The diagnostic complexity of UTROSCTs stems from their morphological overlap with various benign and malignant uterine neoplasms, including endometrial stromal tumors, leiomyomas with unusual patterns, epithelioid smooth muscle tumors, and even carcinomas (18–20). This diagnostic challenge is compounded by the limited value of preoperative imaging, as ultrasound and MRI findings often suggest more common entities such as uterine leiomyomas or adenomyosis (2, 21, 22). The preoperative biopsy interpretation is frequently inconclusive due to the tumor’s heterogeneous composition and sampling limitations (2, 9). Recent advances in molecular pathology have begun to illuminate the genetic landscape of UTROSCTs, with the discovery of recurrent gene fusions involving NCOA1-3, ESR1, and GREB1 genes (13, 23, 24). These molecular alterations not only provide diagnostic markers but also offer insights into the tumorigenesis of these rare neoplasms. Furthermore, emerging evidence suggests that specific genetic alterations may correlate with clinical behavior, potentially enabling better prognostic stratification (13, 14, 25).

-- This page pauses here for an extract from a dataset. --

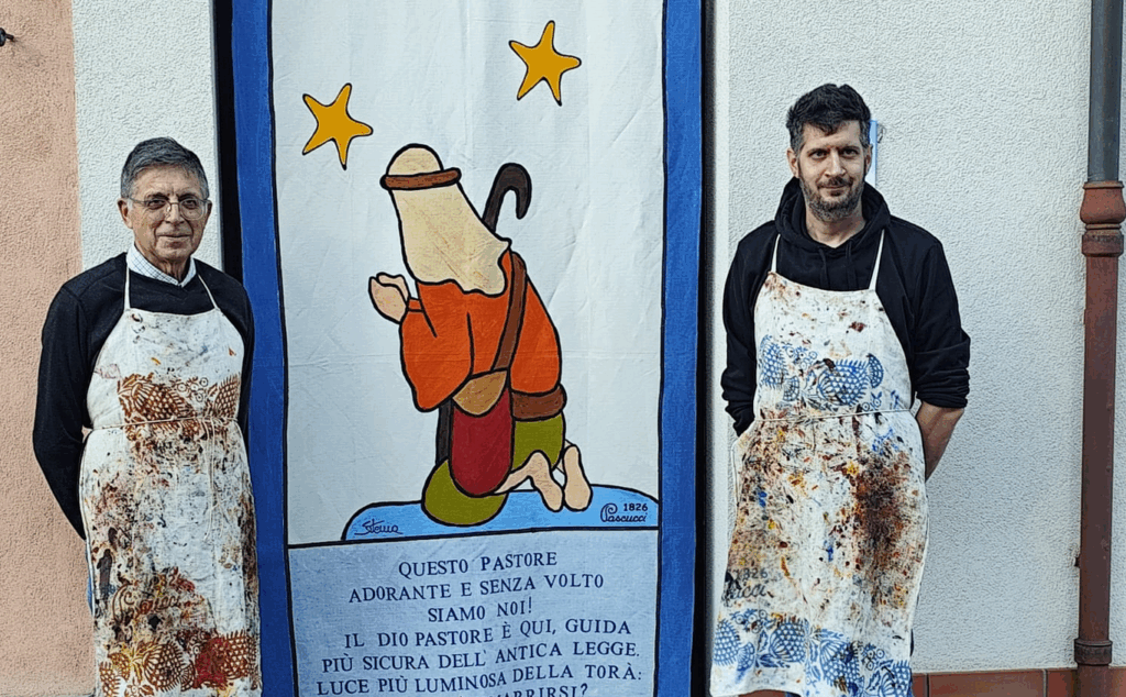 La mostra diffusa, in programma per le festività natalizie, propone un percorso dedicato alla Natività, in cui arte, spiritualità e artigianato si intrecciano. Ventuno tende dipinte a mano, firmate dall’artista forlivese STEMA (Stefano Maltoni), decorano le porte di abitazioni private e attività commerciali, offrendo un impatto visivo sorprendente e poetico. Ogni tenda rappresenta scene della Natività, accompagnate da testi inediti di Suor Gloria Riva, che aggiungono una dimensione contemplativa all’esperienza.

The therapeutic approach to UTROSCTs has traditionally involved hysterectomy with or without bilateral salpingo-oophorectomy, reflecting the uncertainty regarding their malignant potential (9, 26, 27). However, growing recognition of their generally indolent behavior, particularly in younger women, has led to increased consideration of fertility-sparing approaches in selected cases (26, 28, 29). The management dilemma is further complicated by the occasional aggressive cases that demonstrate recurrence or metastasis, sometimes after prolonged disease-free intervals (6, 30, 31).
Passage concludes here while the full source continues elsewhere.